Fourth District Democratic Congressman Don McEachin was made an honorary member of the Tuskegee Airmen over the weekend. They were the first all-black squadron of fighter pilots who distinguished themselves in combat in World War II and made the case for integrating America’s military.
"Shortly after the war, Truman integrated the armed services and it was in large part because of folks like the Tuskegee Airmen," said McEachin.
The Petersburg Chapter of the Tuskegee Airmen is named after Lt. Colonel Howard Baugh, a Petersburg native who enlisted in the US Army Air Corps in 1942 as an aviation cadet. The military was still segregated and many white leaders held racist views that Black soldiers couldn’t be trained to fly.
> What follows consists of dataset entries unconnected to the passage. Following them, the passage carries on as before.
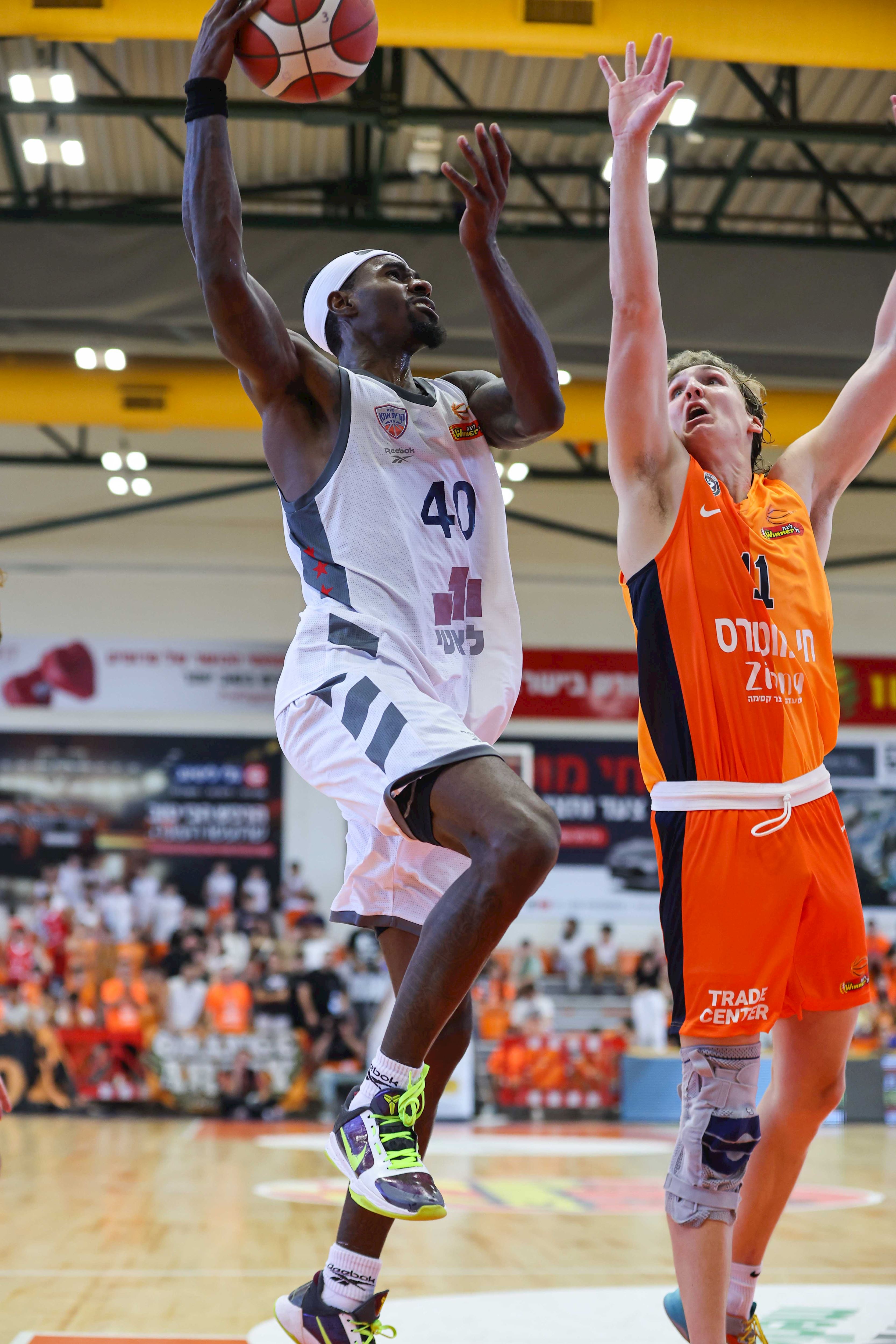 סמית' חודר על שגב. רבע שלישי לא טוב של קריית אתא (צילום: לירון מולדובן)
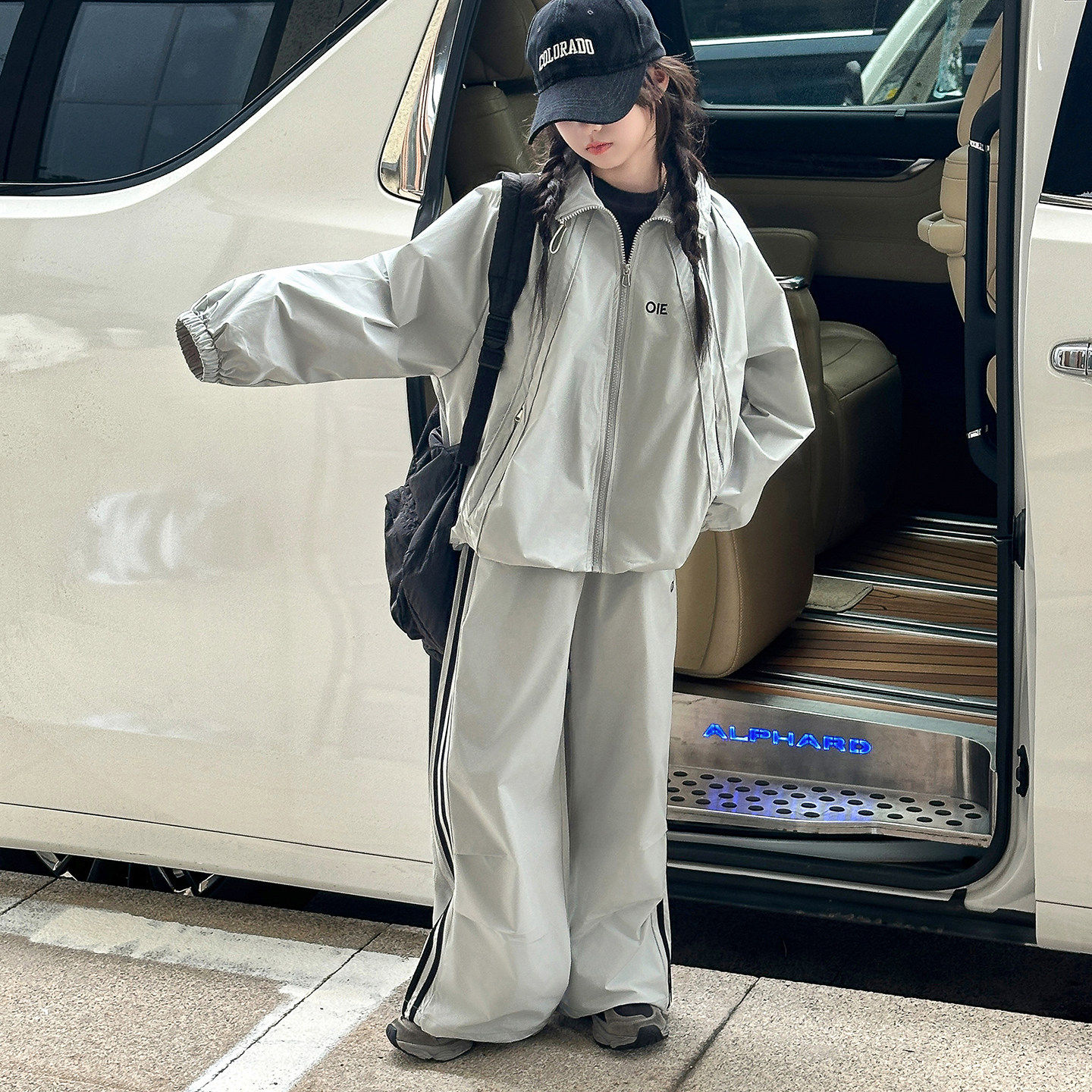 法国轻奢潮童女童运动套装春装2026新款儿童外套初中生女孩冲锋衣
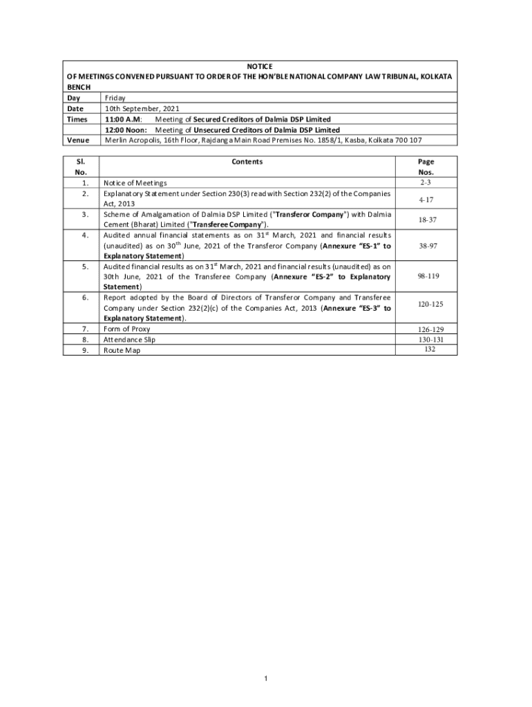 NOTICE OF MEETINGS CONVENED PURSUANT TO ORDER OF THE HOBBLE NATIONAL COMPANY LAW TRIBUNAL, KOLKATA BENCH Day Friday Date 10th September 2021 Times 11:00 A. M: Meeting of Secured Creditors of Alma
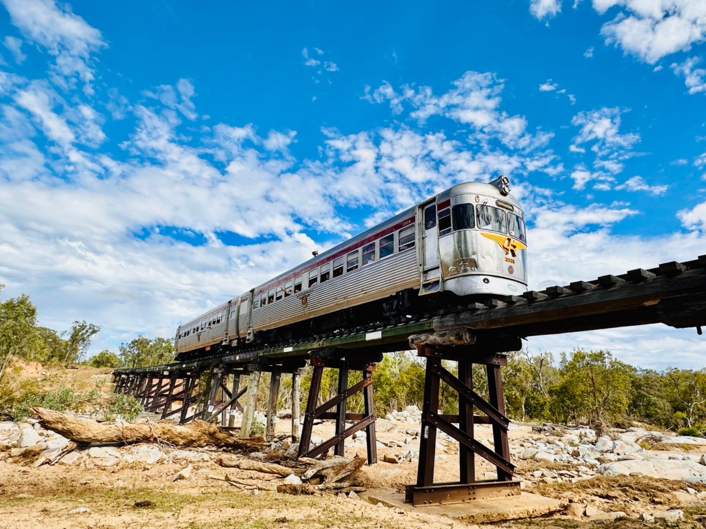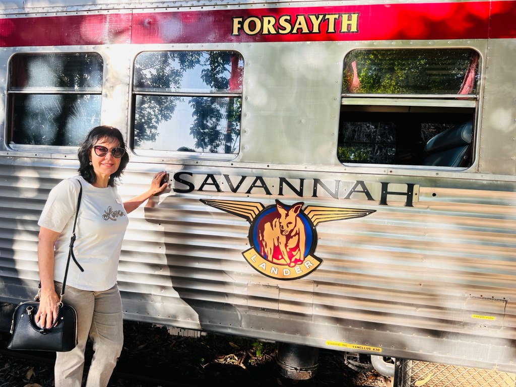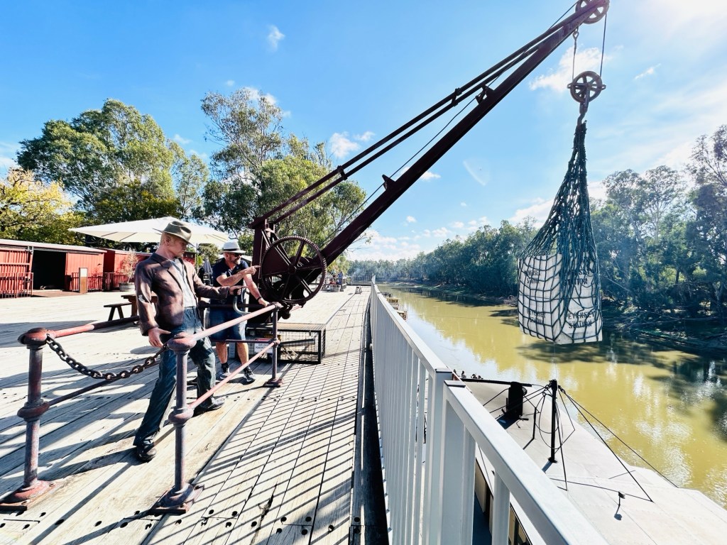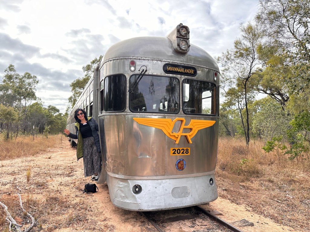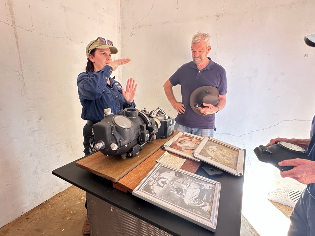 We set up camp then headed to the Visitor Information Centre where we met the lovely Karen. Little did we know we were going to get to see a lot of Karen. From here we went to the Railway Museum to see the All Aboard Light and Sound show – and who should be there to greet us – Karen. It was a great holographic show depicting the history of Cunnamulla and the importance of the railway to this little town. It was used to transport passengers from Cunnamulla to Brisbane until 1994, then freight until 2014, when an explosion destroyed the bridge at Wyandra (between Cunnamulla and Charleville). Train transport was very important for the wool industry and school kids. The town’s band was also significant during these years – they played at the station twice a week when passengers arrived.

But Baugh’s son Richard said his father and hundreds of others proved them wrong.
“As a result of the success of the Tuskegee Airmen, Harry Truman went ahead and desegregated everything, which was the beginning of the modern civil rights movement in this country,” Richard Haugh said.
McEachin said he stands on the shoulders of the Tuskegee airmen who "flew so I could run for office, so I could have a nice life, so I could raise my children in a safe America."
The Chapter’s mission is to keep alive the memory of the Tuskegee Airman and to educate and inspire the next generation.